What the task asks: Make an exact copy of the entries below and leave any picture out of it.

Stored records
- Opening Delimiter -

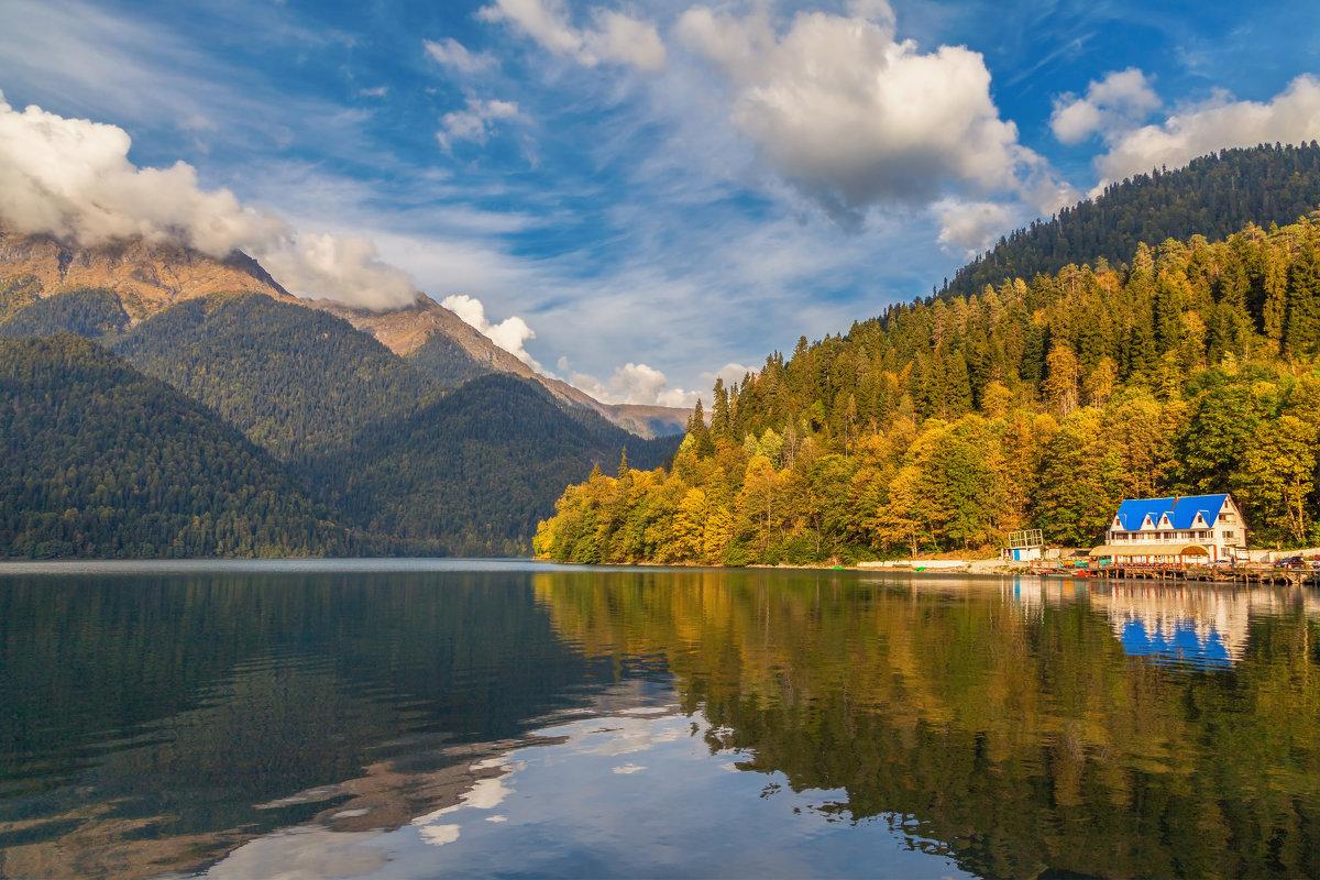 Это невероятно живописные горы, это буйство красок южных цветов, это ароматы магнолии, кипарисов и олеандров, это прозрачные горные реки и ручьи. Это озеро Рица — высокогорное озеро, сказочно красивое, волшебное.
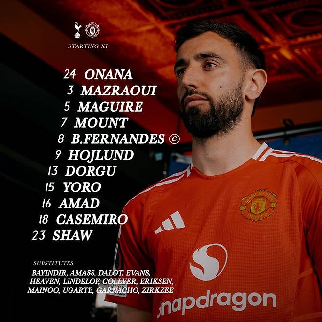 이에 맞서는 맨유는 안드레 오나나가 골문을 지킨다. 누사이르 마즈라위, 해리 매과이어, 메이슨 마운트, 브루노 페르난데스, 라스무스 호일룬, 파트리크 도르구, 요로, 아마드 디알로, 카세미루, 루크 쇼가 토트넘 골문을 겨냥한다.
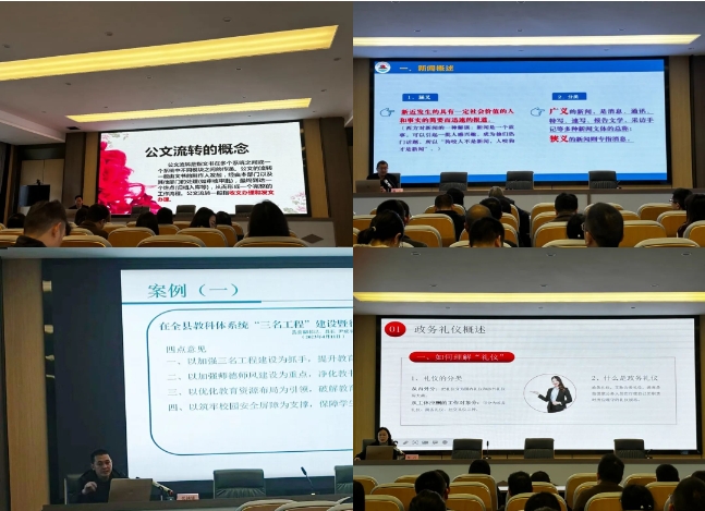 随后,秘书组组长张南阳、教育股股长杨善、督导股股长张越雄、秘书股股长何巧分别就公文流转的相关规范及注意事项、新闻的写作要素及新闻的格式要求、领导讲话稿的写作特点、撰写原则、撰写技巧与政务礼仪等内容进行培训,培训内容详实、事例丰富,与日常工作联系密切,具有很强的指导性,是对我局干部职工办文办会和公文写作能力的一次“集体充电”。
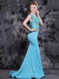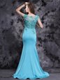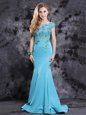 Home >  Prom Dresses >  Beautiful Prom Dresses > Traditional Mermaid Scoop Cap Sleeves Brush Train Appliques Zipper
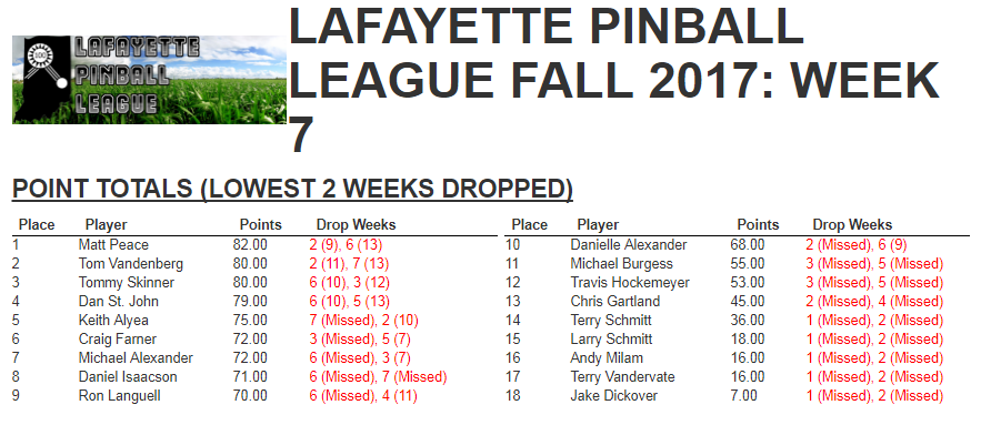 Well here we come approaching the last week of the season and the championship is still up for grabs! We had a relatively small turnout last night due to some work, vacation, and health issues making their way through our league but fun was still had by those in attendance. Below are the standings.
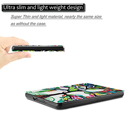 Infiland Custodia per Kindle 8 Generation- Slim Folio in pelle Smart Ultra sottile e leggera Case Cover Custodia per All new Amazon Kindle (8.Generation - 2016 Modell) 6 pollici eReader (con Auto Sonno/Veglia Funzione)(Albero Felice)
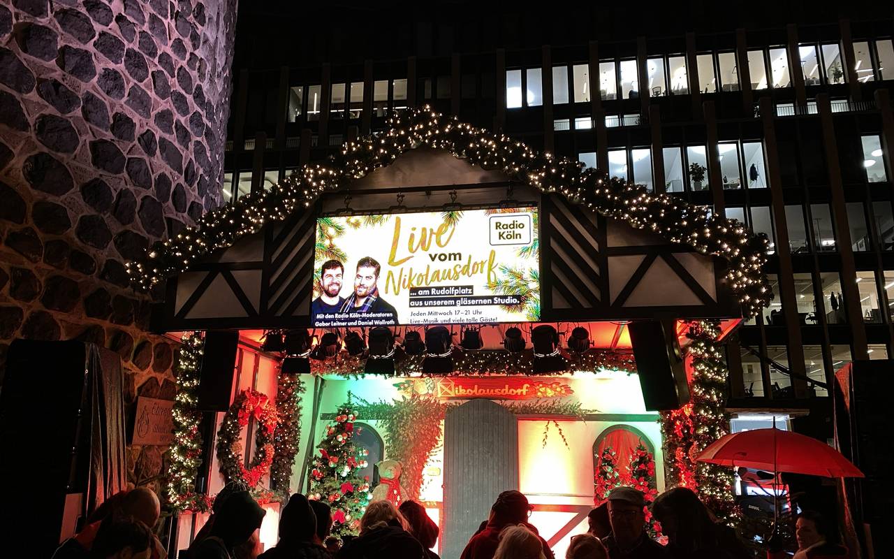 Glühwein, gebrannte Mandeln und dazu Radio Köln! Heute ist es so weit: Wir senden zum ersten Mal live vom Nikolausdorf, dem Weihnachtsmarkt auf dem Rudolfplatz.
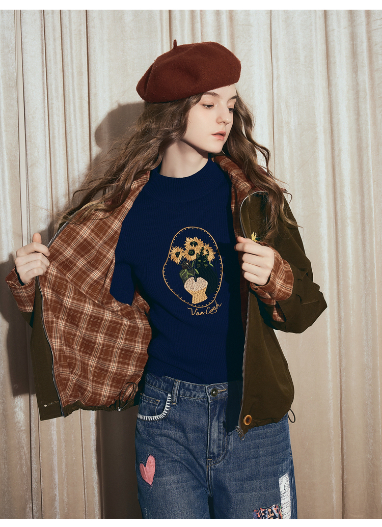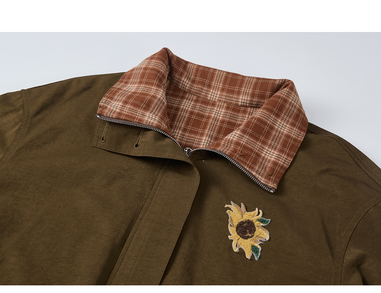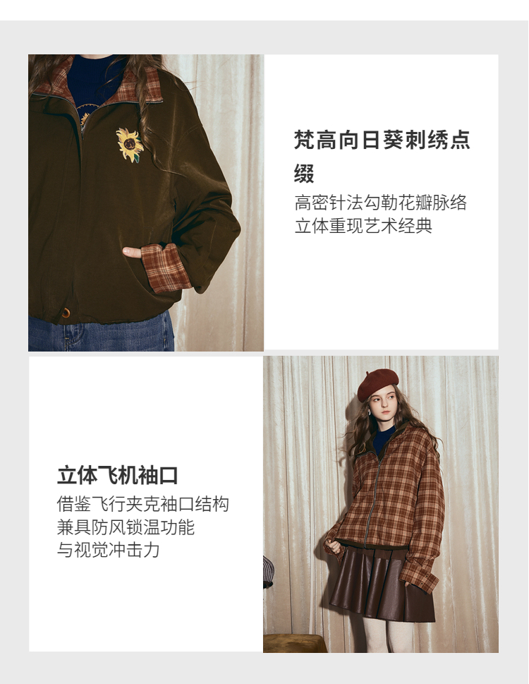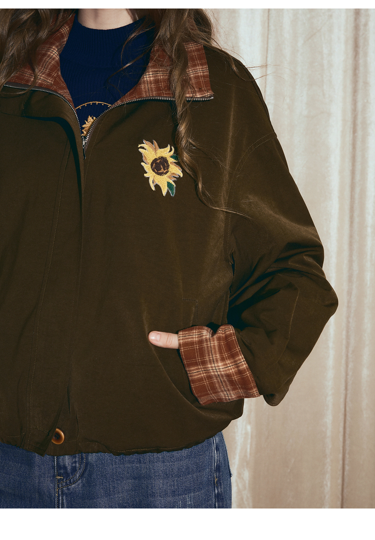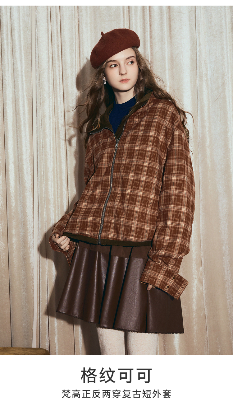 两三事梵高文艺格纹可可2025秋冬新款向日葵刺绣两面穿格子外套女
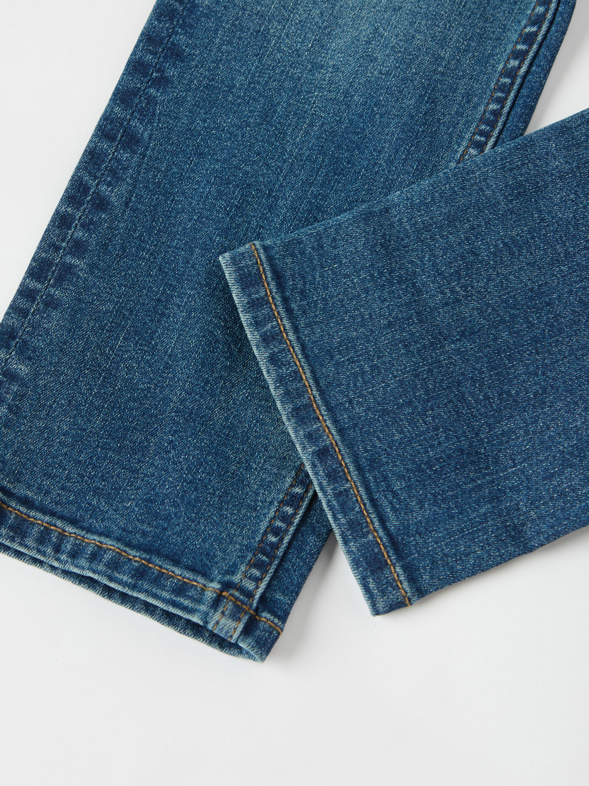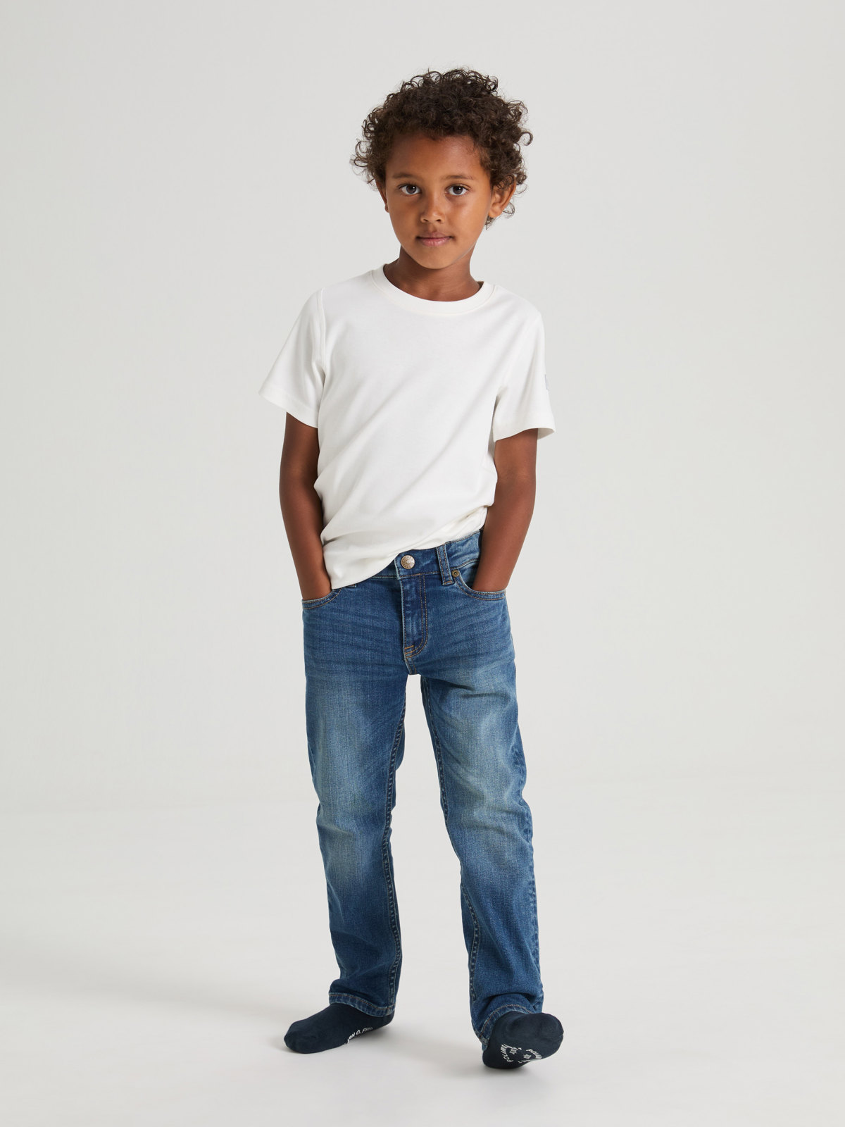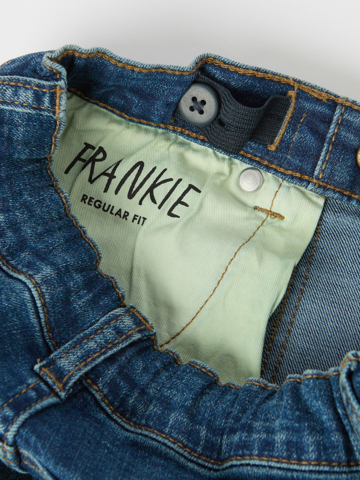 Ha det gøy i FRANKIE – lekne jeans i dra-på-modell med myk stretch. Perfekt for barn som vil ha en mer avslappet passform og slippe glidelås og knapp. Alle våre jeans er fra våren 2022 laget av GOTS-sertifisert bomull!
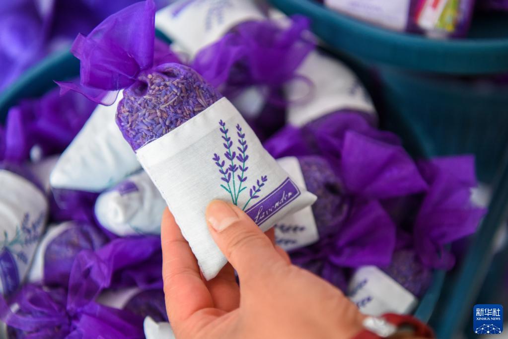 在位于新疆霍城縣蘆草溝鎮四宮村的解憂(yōu)公主薰衣草農場(chǎng),游客選購薰衣草產(chǎn)品(6月16日攝)。
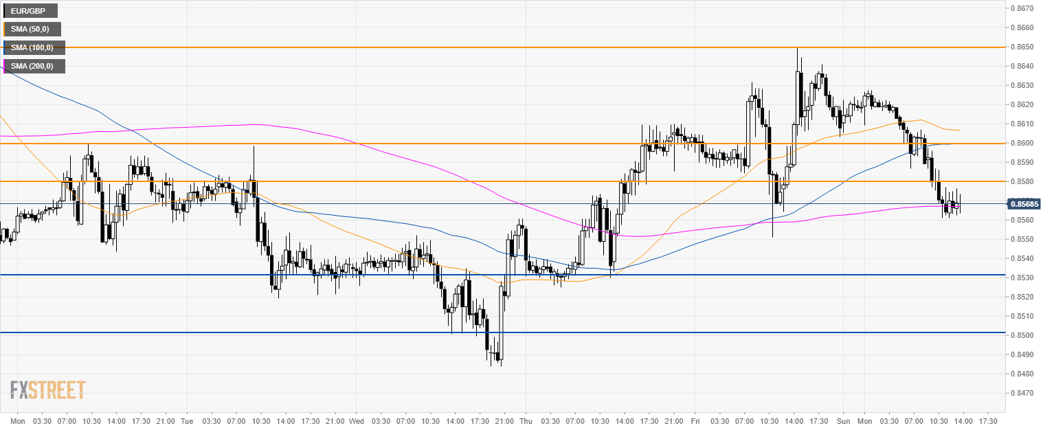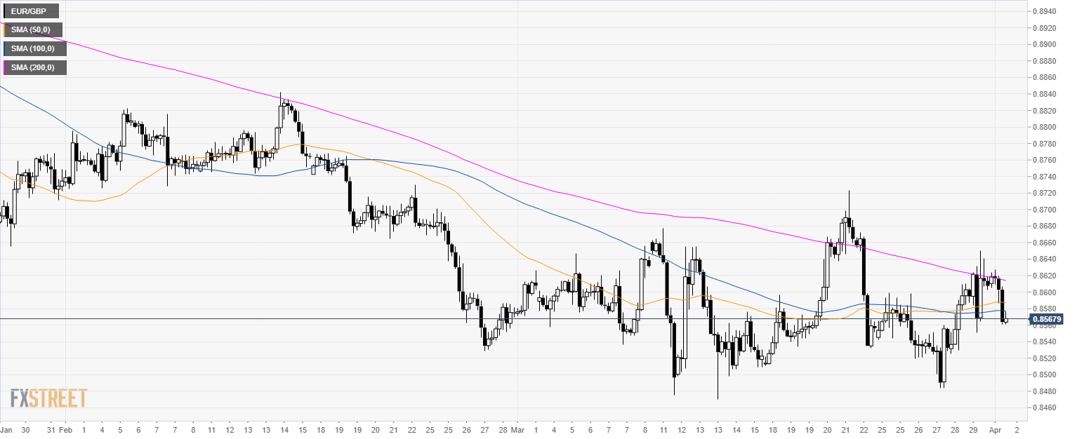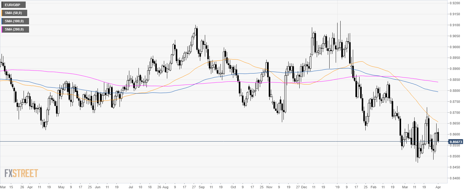 - EUR/GBP is trading in a bear trend below its main simple moving averages (SMAs).

- Closing Delimiter -

Exercise response:
 Это невероятно живописные горы, это буйство красок южных цветов, это ароматы магнолии, кипарисов и олеандров, это прозрачные горные реки и ручьи. Это озеро Рица — высокогорное озеро, сказочно красивое, волшебное.
 이에 맞서는 맨유는 안드레 오나나가 골문을 지킨다. 누사이르 마즈라위, 해리 매과이어, 메이슨 마운트, 브루노 페르난데스, 라스무스 호일룬, 파트리크 도르구, 요로, 아마드 디알로, 카세미루, 루크 쇼가 토트넘 골문을 겨냥한다.
 随后,秘书组组长张南阳、教育股股长杨善、督导股股长张越雄、秘书股股长何巧分别就公文流转的相关规范及注意事项、新闻的写作要素及新闻的格式要求、领导讲话稿的写作特点、撰写原则、撰写技巧与政务礼仪等内容进行培训,培训内容详实、事例丰富,与日常工作联系密切,具有很强的指导性,是对我局干部职工办文办会和公文写作能力的一次“集体充电”。
 Home >  Prom Dresses >  Beautiful Prom Dresses > Traditional Mermaid Scoop Cap Sleeves Brush Train Appliques Zipper
 Well here we come approaching the last week of the season and the championship is still up for grabs! We had a relatively small turnout last night due to some work, vacation, and health issues making their way through our league but fun was still had by those in attendance. Below are the standings.
 Infiland Custodia per Kindle 8 Generation- Slim Folio in pelle Smart Ultra sottile e leggera Case Cover Custodia per All new Amazon Kindle (8.Generation - 2016 Modell) 6 pollici eReader (con Auto Sonno/Veglia Funzione)(Albero Felice)
 Glühwein, gebrannte Mandeln und dazu Radio Köln! Heute ist es so weit: Wir senden zum ersten Mal live vom Nikolausdorf, dem Weihnachtsmarkt auf dem Rudolfplatz.
 两三事梵高文艺格纹可可2025秋冬新款向日葵刺绣两面穿格子外套女
 Ha det gøy i FRANKIE – lekne jeans i dra-på-modell med myk stretch. Perfekt for barn som vil ha en mer avslappet passform og slippe glidelås og knapp. Alle våre jeans er fra våren 2022 laget av GOTS-sertifisert bomull!
 在位于新疆霍城縣蘆草溝鎮四宮村的解憂(yōu)公主薰衣草農場(chǎng),游客選購薰衣草產(chǎn)品(6月16日攝)。
 - EUR/GBP is trading in a bear trend below its main simple moving averages (SMAs).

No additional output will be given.